Pair low-code building blocks with pro-code development

Some low-code tools may give you fast time-to-value, but it comes at the expense of security requirements. Others make it easy for business users to build automation quickly, but can’t handle more complex or demanding use cases. If your tools don’t check every box, that’s when low-code automation efforts can go off the rails. 

Especially when you’re using low-code tools to automate workflows, it’s critical that developers can extend low-code automation with pro-code development, while also providing reusable building blocks to business teams. 

For example, several regions around the world have created guided, self-service experiences for vaccine management, using automated workflows to help consumers quickly make appointments. In the past, this type of automation required massive amounts of pro-code development. Now, business users can use industry-specific templates to quickly design the experience, then partner with IT to create reusable, pro-code building blocks to integrate with other systems and deliver automated workflows in record time.

The benefits also extend to developers, who can use low-code tools to save time creating pro-code frameworks and accelerate their automation efforts. For example, using a low-code, multi-screen form framework with pro-code UI components is faster and lower risk than building the whole smart form with code. This approach to customized automation solves for unique business needs and leads to happier teams, at a far lower cost to IT. 

Partner until you reach success

The way to successfully operationalize low-code automation efforts comes down to three elements: clear vision, clear scoping, and clear accountability.

Business teams are often focused on departmental goals: How can we reduce the amount of time needed to open and close cases? How can we identify and prioritize leads faster? How can we streamline new customer onboarding? In contrast, as the IT leader, you need to ensure new processes in one department don’t break automation in another department or introduce security vulnerabilities. It’s your job to identify and flag where and how each project impacts other areas of the business: If a service case gets opened, will that also impact the renewal pipeline? And if so, who needs to be notified? What systems need to be connected? Forge an ongoing relationship to keep that complete business vision front and center at all times. 
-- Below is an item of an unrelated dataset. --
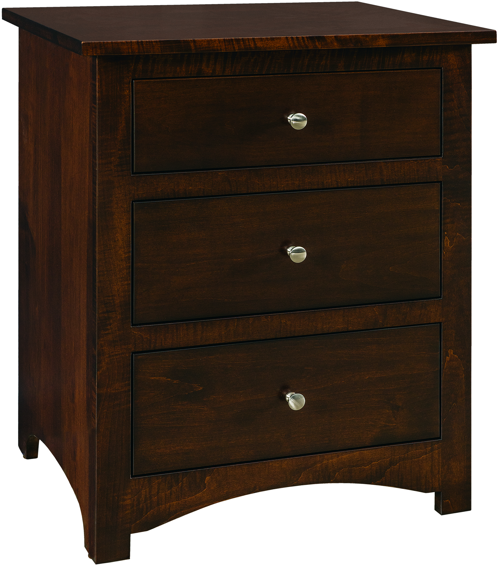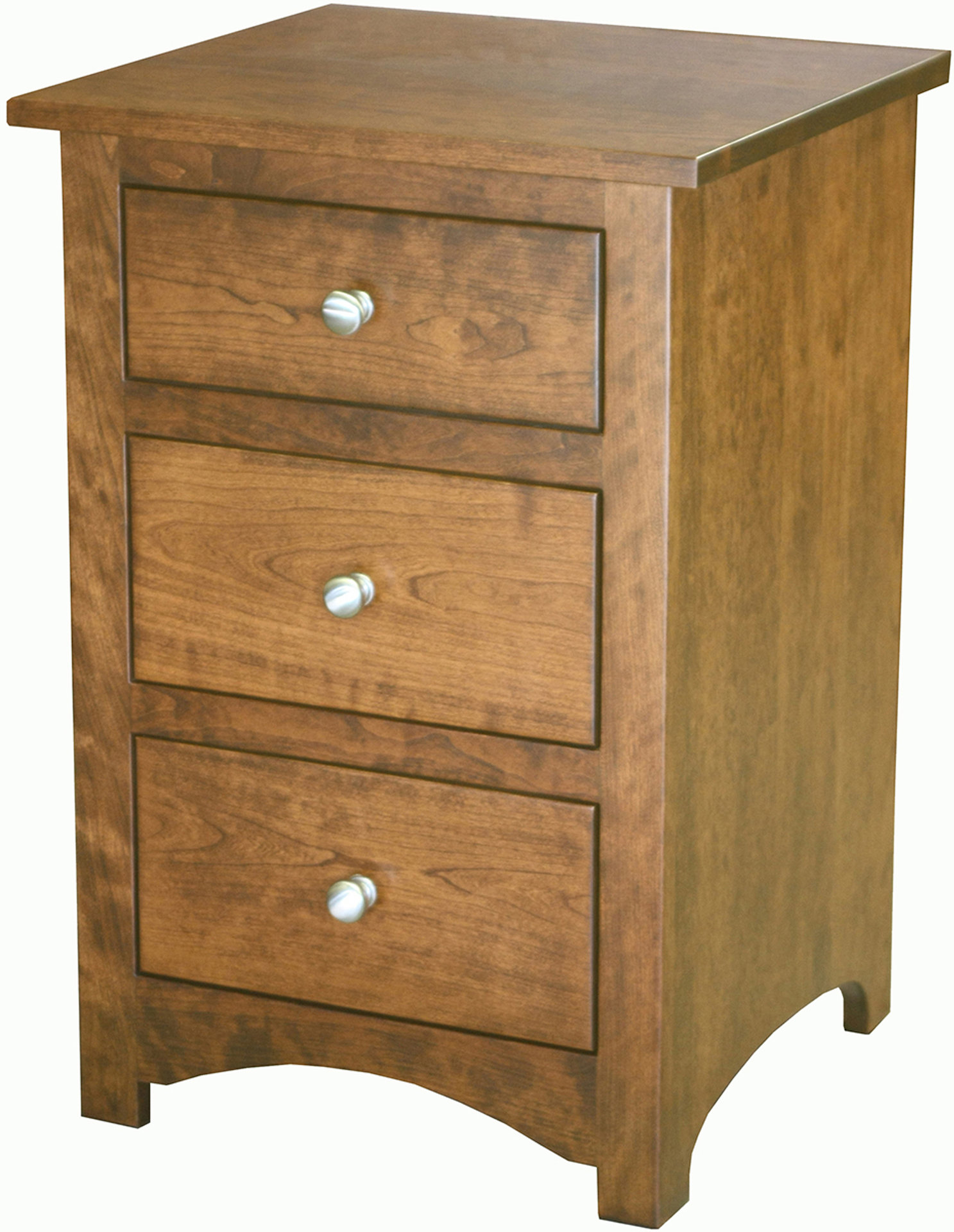 The Shaker Hickory Three Drawer Nightstand is a beautiful piece of furniture that is both practical and classy. Its three drawers are dovetailed with full extension slides, which are just one of our quality features. The closed drawers will give you more storage space to put your nightly reading materials or even another space to store your undergarments. This Shaker Hickory Three Drawer Nightstand is shown in hickory with Michael’s cherry finish and solid black pulls, but can be fully customized to meet the needs of your home. Pair this nightstand with any of our Shaker bedroom pieces for a complete set.

It’s also important to get agreement on how you’ll meet the needs and expectations of the end users. Maybe the automated workflow needs to help the sales rep generate quotes faster, or the service rep quickly authenticate customers, or the insurance adjuster streamline the claims process. Will this require customization? What systems are involved? What departments? How does this affect or change the current workflow? Scope the project up front to avoid surprises later about what can or can’t be built for the end user. 

Finally, get clear on roles: who owns what and who is accountable if there are problems? Once multiple sets of people are building, creating, and testing, accountability gets tricky. Ensure you have clear expectations on how to route issues, who is responsible for fixing them, and in what timeframe. Otherwise, IT may be blamed for what business users create, or vice versa, all while customers or employees wait for the fix and lose trust in the process.  

Low code works. Now make it work for you.

Over the last 18 months, IT leaders have experimented with giving business users low-code automation tools to create seamless, connected experiences for customers and employees. These tests went better than expected and for a large majority, their fears didn’t play out: 90% of IT and business decision makers saw improvements in IT-business alignment over the past year. 

Now’s the time to ramp up adoption of low code to ease the burden on IT, automate rote tasks that slow your teams down, and help your organization adapt and innovate. With the right governance, tools, and partnership, low code works, and your automation success depends on it.